* **PROBLEM**
The result should be a word-for-word retyping of the entries below, free of pictures.

* **DATASET RECORDS**
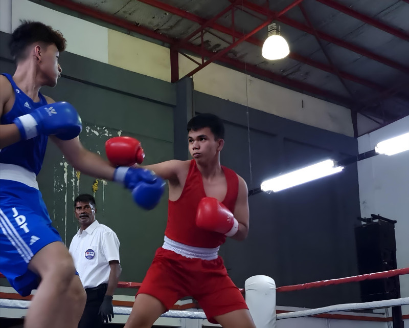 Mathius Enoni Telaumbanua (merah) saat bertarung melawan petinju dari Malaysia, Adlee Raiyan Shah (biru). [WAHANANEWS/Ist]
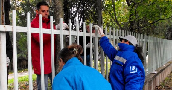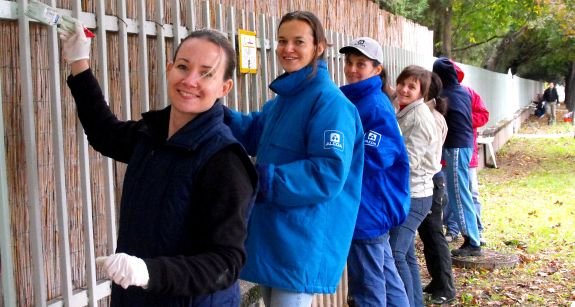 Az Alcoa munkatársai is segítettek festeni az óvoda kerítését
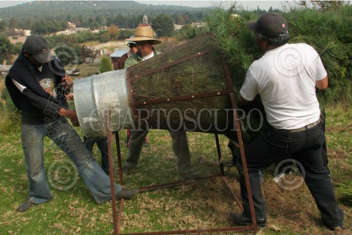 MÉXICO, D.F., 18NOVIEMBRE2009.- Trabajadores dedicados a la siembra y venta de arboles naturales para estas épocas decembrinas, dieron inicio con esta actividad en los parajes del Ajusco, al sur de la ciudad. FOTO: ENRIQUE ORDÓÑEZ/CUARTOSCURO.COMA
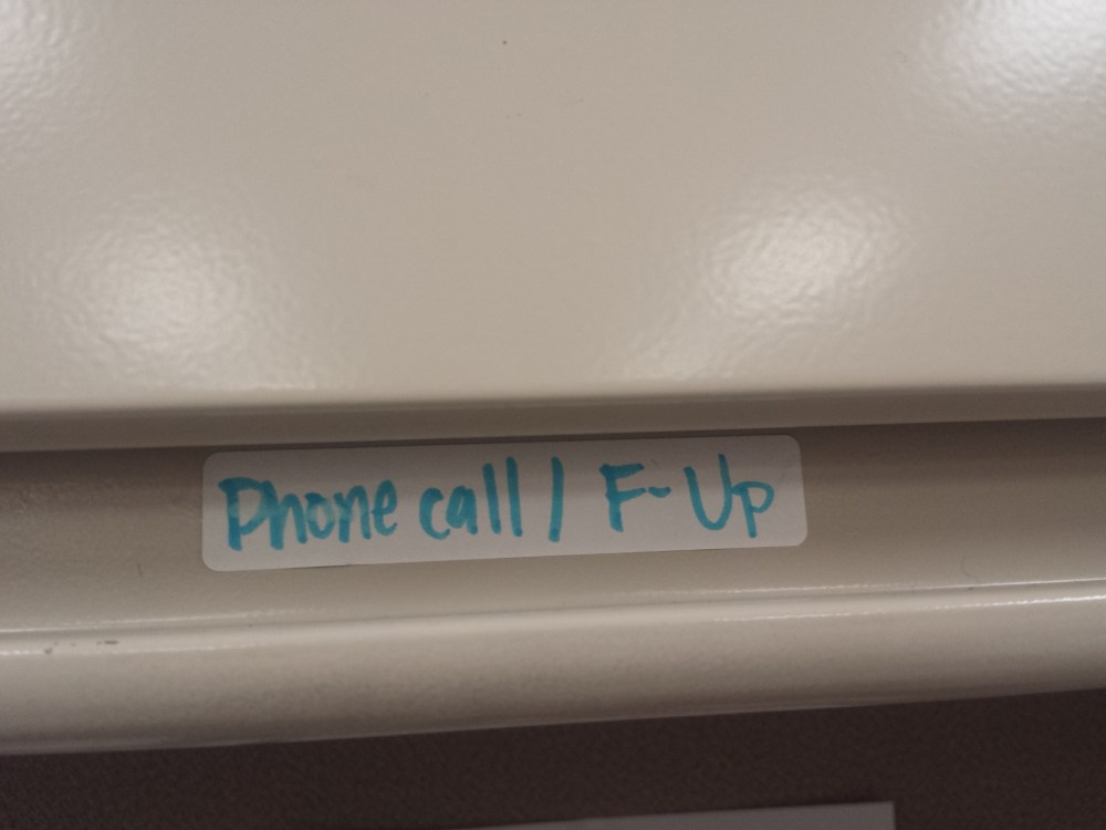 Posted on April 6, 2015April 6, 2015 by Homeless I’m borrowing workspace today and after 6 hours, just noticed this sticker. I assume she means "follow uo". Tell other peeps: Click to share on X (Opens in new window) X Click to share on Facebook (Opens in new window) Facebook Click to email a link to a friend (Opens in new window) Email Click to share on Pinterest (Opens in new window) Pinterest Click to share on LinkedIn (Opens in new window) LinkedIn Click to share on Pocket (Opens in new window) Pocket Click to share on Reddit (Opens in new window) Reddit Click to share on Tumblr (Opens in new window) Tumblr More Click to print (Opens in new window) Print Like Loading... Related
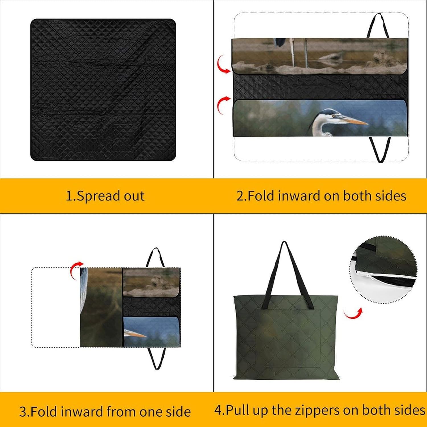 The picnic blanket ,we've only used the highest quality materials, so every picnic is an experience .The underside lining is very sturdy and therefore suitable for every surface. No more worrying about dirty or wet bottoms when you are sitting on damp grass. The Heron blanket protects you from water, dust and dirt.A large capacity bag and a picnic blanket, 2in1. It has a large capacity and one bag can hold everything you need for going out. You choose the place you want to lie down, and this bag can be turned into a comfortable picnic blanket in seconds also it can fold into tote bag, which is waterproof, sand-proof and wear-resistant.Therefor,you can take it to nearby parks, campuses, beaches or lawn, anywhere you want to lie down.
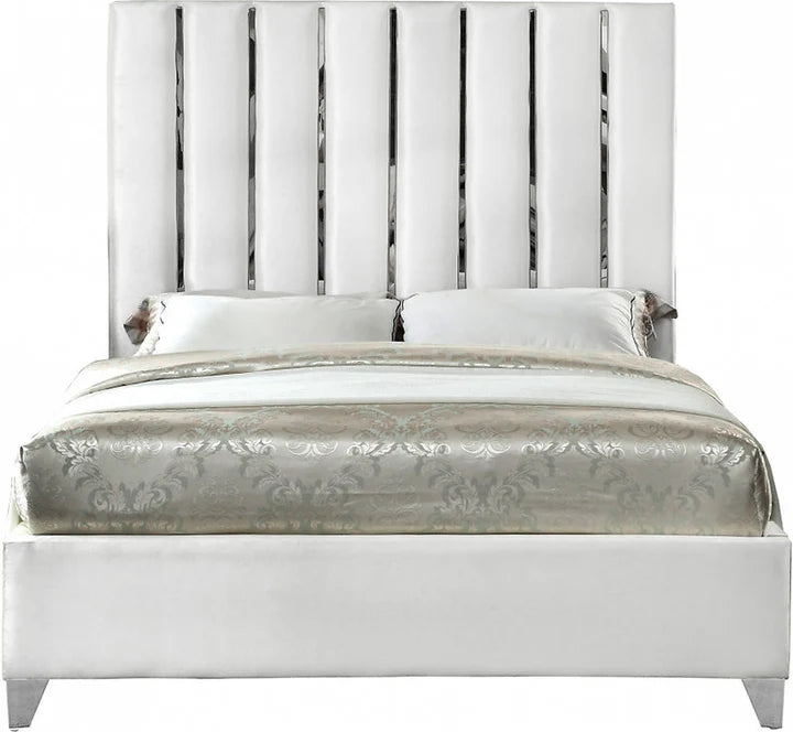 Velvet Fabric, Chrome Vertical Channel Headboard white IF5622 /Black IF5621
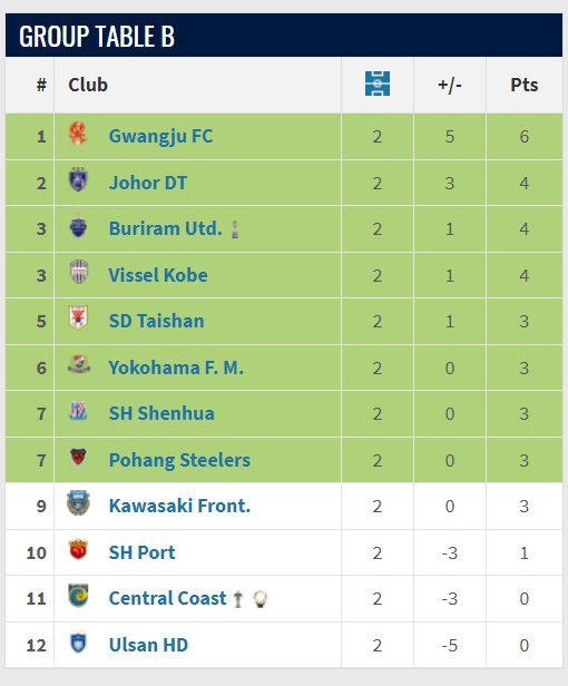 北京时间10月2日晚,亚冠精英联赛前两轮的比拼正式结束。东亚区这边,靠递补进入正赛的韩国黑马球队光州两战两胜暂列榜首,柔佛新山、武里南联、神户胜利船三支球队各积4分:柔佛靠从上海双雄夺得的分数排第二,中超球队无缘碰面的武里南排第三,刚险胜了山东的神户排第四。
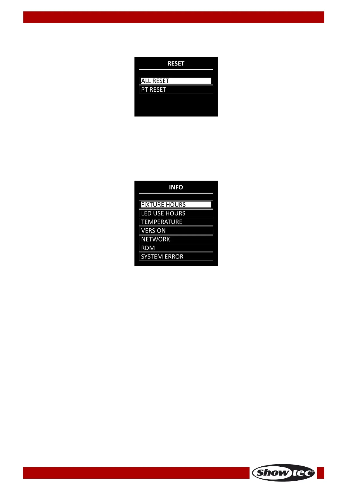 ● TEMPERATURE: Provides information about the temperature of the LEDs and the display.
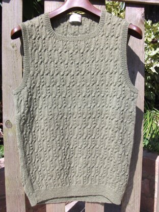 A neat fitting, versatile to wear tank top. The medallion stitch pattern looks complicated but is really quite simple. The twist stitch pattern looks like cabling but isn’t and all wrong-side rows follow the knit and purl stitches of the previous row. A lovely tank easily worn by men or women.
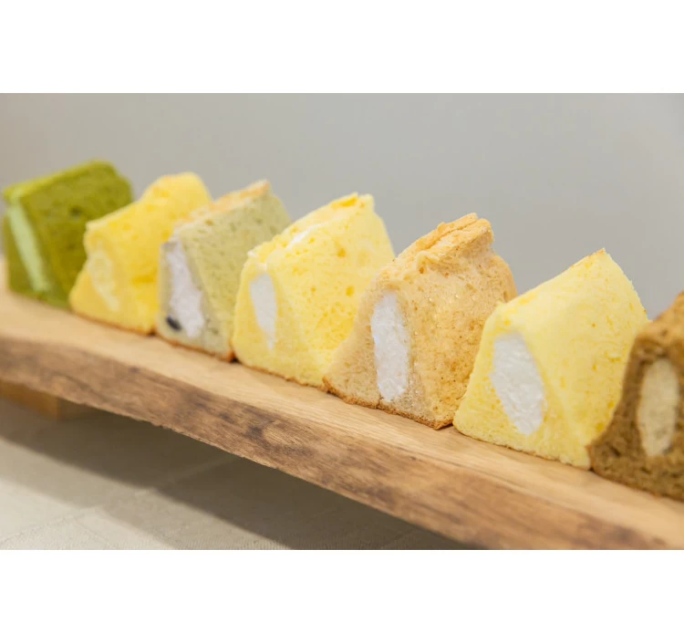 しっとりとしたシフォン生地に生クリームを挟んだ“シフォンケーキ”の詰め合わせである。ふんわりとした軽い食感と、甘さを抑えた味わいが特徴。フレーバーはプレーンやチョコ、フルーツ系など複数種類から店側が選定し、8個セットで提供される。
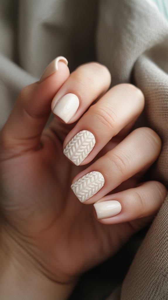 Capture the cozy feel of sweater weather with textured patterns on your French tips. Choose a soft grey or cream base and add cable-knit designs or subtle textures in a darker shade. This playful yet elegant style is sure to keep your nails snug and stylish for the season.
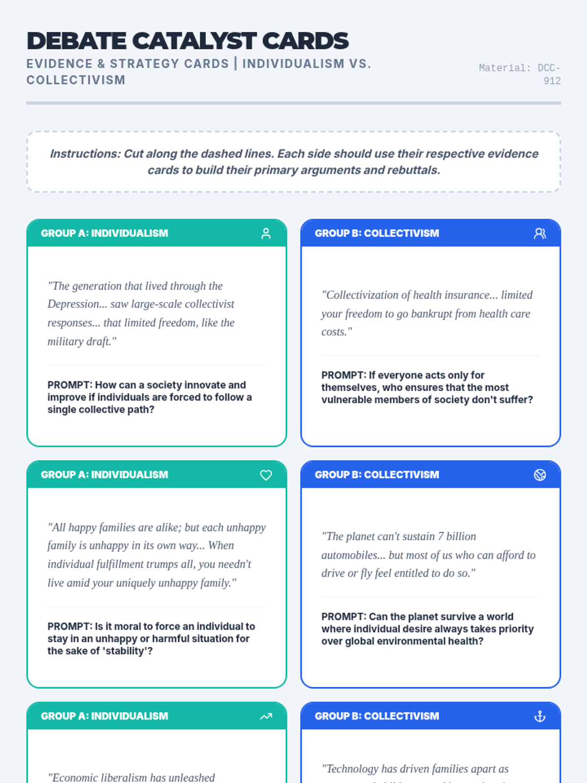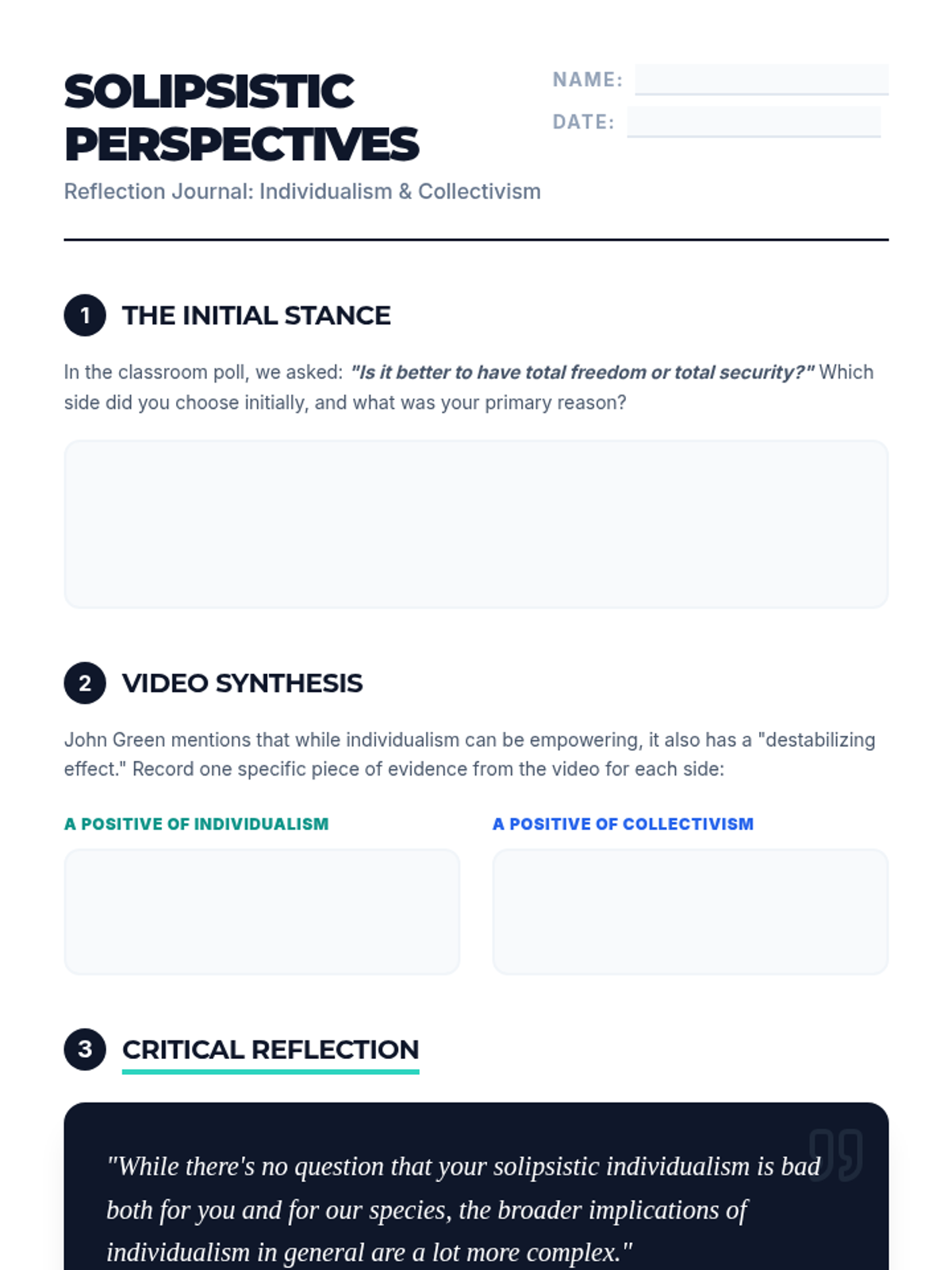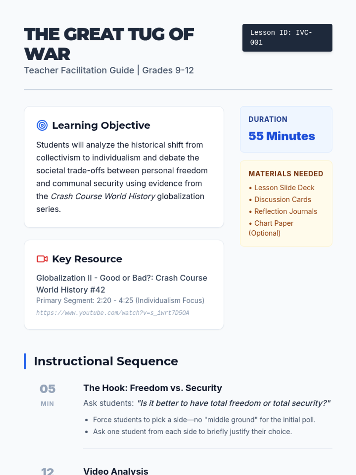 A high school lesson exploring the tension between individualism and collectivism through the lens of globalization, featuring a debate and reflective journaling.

* **TASK SOLUTION**
 Mathius Enoni Telaumbanua (merah) saat bertarung melawan petinju dari Malaysia, Adlee Raiyan Shah (biru). [WAHANANEWS/Ist]
 Az Alcoa munkatársai is segítettek festeni az óvoda kerítését
 MÉXICO, D.F., 18NOVIEMBRE2009.- Trabajadores dedicados a la siembra y venta de arboles naturales para estas épocas decembrinas, dieron inicio con esta actividad en los parajes del Ajusco, al sur de la ciudad. FOTO: ENRIQUE ORDÓÑEZ/CUARTOSCURO.COMA
 Posted on April 6, 2015April 6, 2015 by Homeless I’m borrowing workspace today and after 6 hours, just noticed this sticker. I assume she means "follow uo". Tell other peeps: Click to share on X (Opens in new window) X Click to share on Facebook (Opens in new window) Facebook Click to email a link to a friend (Opens in new window) Email Click to share on Pinterest (Opens in new window) Pinterest Click to share on LinkedIn (Opens in new window) LinkedIn Click to share on Pocket (Opens in new window) Pocket Click to share on Reddit (Opens in new window) Reddit Click to share on Tumblr (Opens in new window) Tumblr More Click to print (Opens in new window) Print Like Loading... Related
 The picnic blanket ,we've only used the highest quality materials, so every picnic is an experience .The underside lining is very sturdy and therefore suitable for every surface. No more worrying about dirty or wet bottoms when you are sitting on damp grass. The Heron blanket protects you from water, dust and dirt.A large capacity bag and a picnic blanket, 2in1. It has a large capacity and one bag can hold everything you need for going out. You choose the place you want to lie down, and this bag can be turned into a comfortable picnic blanket in seconds also it can fold into tote bag, which is waterproof, sand-proof and wear-resistant.Therefor,you can take it to nearby parks, campuses, beaches or lawn, anywhere you want to lie down.
 Velvet Fabric, Chrome Vertical Channel Headboard white IF5622 /Black IF5621
 北京时间10月2日晚,亚冠精英联赛前两轮的比拼正式结束。东亚区这边,靠递补进入正赛的韩国黑马球队光州两战两胜暂列榜首,柔佛新山、武里南联、神户胜利船三支球队各积4分:柔佛靠从上海双雄夺得的分数排第二,中超球队无缘碰面的武里南排第三,刚险胜了山东的神户排第四。
 ● TEMPERATURE: Provides information about the temperature of the LEDs and the display.
 A neat fitting, versatile to wear tank top. The medallion stitch pattern looks complicated but is really quite simple. The twist stitch pattern looks like cabling but isn’t and all wrong-side rows follow the knit and purl stitches of the previous row. A lovely tank easily worn by men or women.
 しっとりとしたシフォン生地に生クリームを挟んだ“シフォンケーキ”の詰め合わせである。ふんわりとした軽い食感と、甘さを抑えた味わいが特徴。フレーバーはプレーンやチョコ、フルーツ系など複数種類から店側が選定し、8個セットで提供される。
 Capture the cozy feel of sweater weather with textured patterns on your French tips. Choose a soft grey or cream base and add cable-knit designs or subtle textures in a darker shade. This playful yet elegant style is sure to keep your nails snug and stylish for the season.
 A high school lesson exploring the tension between individualism and collectivism through the lens of globalization, featuring a debate and reflective journaling.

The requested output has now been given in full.